A related policy debate is likewise starting to bubble up from the federal Financial Data Transparency Act’s implementation process, where proposed rule-making is yet to become settled law. Just how much financial reporting information will be required from states and localities in machine-readable formats is yet to be decided — with the municipal professional associations having reiterated their position that less is more. There’s a lot of noise from practitioners about unfunded mandates, although the eventual shift toward digitalization is now pretty much inevitable.
This brings us to the companion issue of ownership of all kinds of public information collected and assembled by government agencies in the new era of artificial intelligence. It has become increasingly clear to entrepreneurs and investors that in the “AI Age,” information is the new gold. State and local governments have plenty of data ore to provide in this mining process, and it remains to be seen how much of that mother lode can be extracted by private companies for profitable use without paying royalties for its use. It’s still unclear how many state legislators, public-sector managers and local governing bodies have caught on to this issue; my sense is that most have not.
Pensions’ Hits and Misses
Public pension funds have greatly benefited from the stock market’s two-year gains of more than 45 percent, which should ultimately flow through into slightly lower contribution rates required to amortize their unfunded liabilities. Their balance sheets should soon look a bit healthier, tamping down the negative publicity so often hurled at them for actuarial and investment shortfalls
But while there were mostly hits inside the pensions’ portfolios, there were a few misses. On the plus side, while commercial real estate remained a headache, stocks went up, bond prices went down, private credit did well, some hedge funds beat the market and money market cash outdid inflation. The ugly unspoken issue all year for some pension funds was the cash-flow headache from hefty private equity portfolios that largely failed to deliver lucrative payouts on pace as modeled. Since such distributions were expected to pay retiree pensions for aging plans that are cash-flow negative, a few systems were forced to sell holdings in the secondary market. Overall, however, on balance it was a welcome and better-than-average year for most pension portfolios — at least on paper.

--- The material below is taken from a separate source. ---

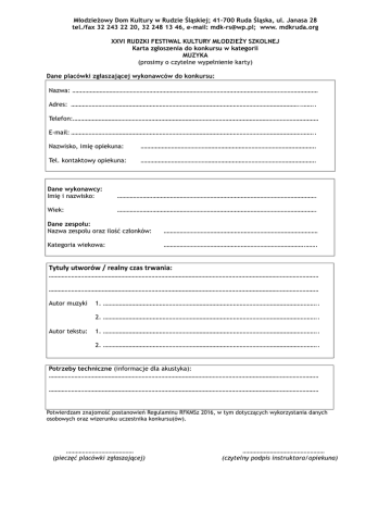 Młodzieżowy Dom Kultury w Rudzie Śląskiej; 41-700 Ruda Śląska, ul. Janasa 28 tel./fax 32 243 22 20, 32 248 13 46, e-mail: [email protected]; www. mdkruda.org XXVI RUDZKI FESTIWAL KULTURY MŁODZIEŻY SZKOLNEJ Karta zgłoszenia do konkursu w kategorii MUZYKA (prosimy o czytelne wypełnienie karty) Dane placówki zgłaszającej wykonawców do konkursu: Nazwa: ……………………………………………………………………………………………………………………………………… Adres: ……………………………………………………………………………………………………………………………..…….. Telefon:……………………………………………………………………………………………………………………………………… E-mail: …………………………………………………………………………………………………………………………………….. Nazwisko, imię opiekuna: ………………………………………………………………………………………………. Tel. kontaktowy opiekuna: ………………………………………………………………………………………………. Dane wykonawcy: Imię i nazwisko: ……………………………………………………………………………………………………………. Wiek: ……………………………………………………………………………………………………………. Dane zespołu: Nazwa zespołu oraz ilość członków: …………………………………………………………………………………… Kategoria wiekowa: …………………………………………………………………………….……. Tytuły utworów / realny czas trwania: …………………………………………………………………………………………………………………………………………………… …………………………………………………………………………………………………………………………………………………… Autor muzyki 1. …………………………………………………………………………………………………………………….. 2. …………………………………………………………………………………………………………………….. Autor tekstu: 1. …………………………………………………………………………………………………………………….. 2. …………………………………………………………………………………………………………………….. Potrzeby techniczne (informacje dla akustyka): …………………………………………………………………………………………………………………………………………………… …………………………………………………………………………………………………………………………………………………… Potwierdzam znajomość postanowień Regulaminu RFKMSz 2016, w tym dotyczących wykorzystania danych osobowych oraz wizerunku uczestnika konkursu(ów). …………………………………… (pieczęć placówki zgłaszającej) …………………………………………… (czytelny podpis instruktora/opiekuna) Młodzieżowy Dom Kultury w Rudzie Śląskiej; 41-700 Ruda Śląska, ul. Janasa 28 tel./fax 32 243 22 20, 32 248 13 46, e-mail: [email protected]; www. mdkruda.org XXVI RUDZKI FESTIWAL KULTURY MŁODZIEŻY SZKOLNEJ Karta zgłoszenia do konkursu plastycznego – drużynowego na formę przestrzenną (prosimy o czytelne wypełnienie karty) Dane placówki: Nazwa: ……………………………………………………………………………………………………………………………………… Adres: ……………………………………………………………………………………………………………………………..…….. Telefon:……………………………………………………………………………………………………………………………………… E-mail: …………………………………………………………………………………………………………………………………….. Nazwisko, imię opiekuna: ………………………………………………………………………………………………. Tel. kontaktowy opiekuna: ………………………………………………………………………………………………. Imiona i nazwiska członków zespołu, wiek, klasa: ……………………………………………………………………………………………….. ……………………………………………………………………………………………….. ……………………………………………………………………………………………….. ……………………………………………………………………………………………….. Kategoria wiekowa zespołu: ……………………………………………………………………………………………….. Tytuł pracy: ……………………………………………………………………………………………….. ……………………………………………………………………………………………….. Potwierdzam znajomość postanowień Regulaminu RFKMSz 2016, w tym dotyczących wykorzystania danych osobowych oraz wizerunku uczestnika konkursu(ów). …………………………………… (pieczęć placówki zgłaszającej) …………………………………………… (czytelny podpis instruktora/opiekuna) Młodzieżowy Dom Kultury w Rudzie Śląsk

There was one troubling culture war issue for pensions: environmental, social and governance investing (ESG). ESG has become an increasingly hot topic in legislatures, and now looks to take even more heat in the next year with the red-state political backlash creeping into Washington, D.C. Another likely thorn in the sides of pension advocates is the growing overconfidence of amateur investors with encouragement from political ideologues to put more money into defined-contribution plans for employee amateurs to play with at the expense of traditional defined-benefit pensions. We’ve come to that inflection point in both market and political cycles where the advocates on Capitol Hill usually start exhorting the wonders of capital markets vs. the socialization of income security.
In retrospect, however, 2024 was a pretty good year for public financiers, budgeters and investors. A lot of decisions and developments went right, for a change. Time will tell whether we will look back on this year with nostalgia, bewilderment or indifference.
Governing's opinion columns reflect the views of their authors and not necessarily those of Governing's editors or management. Nothing herein should be construed as investment advice.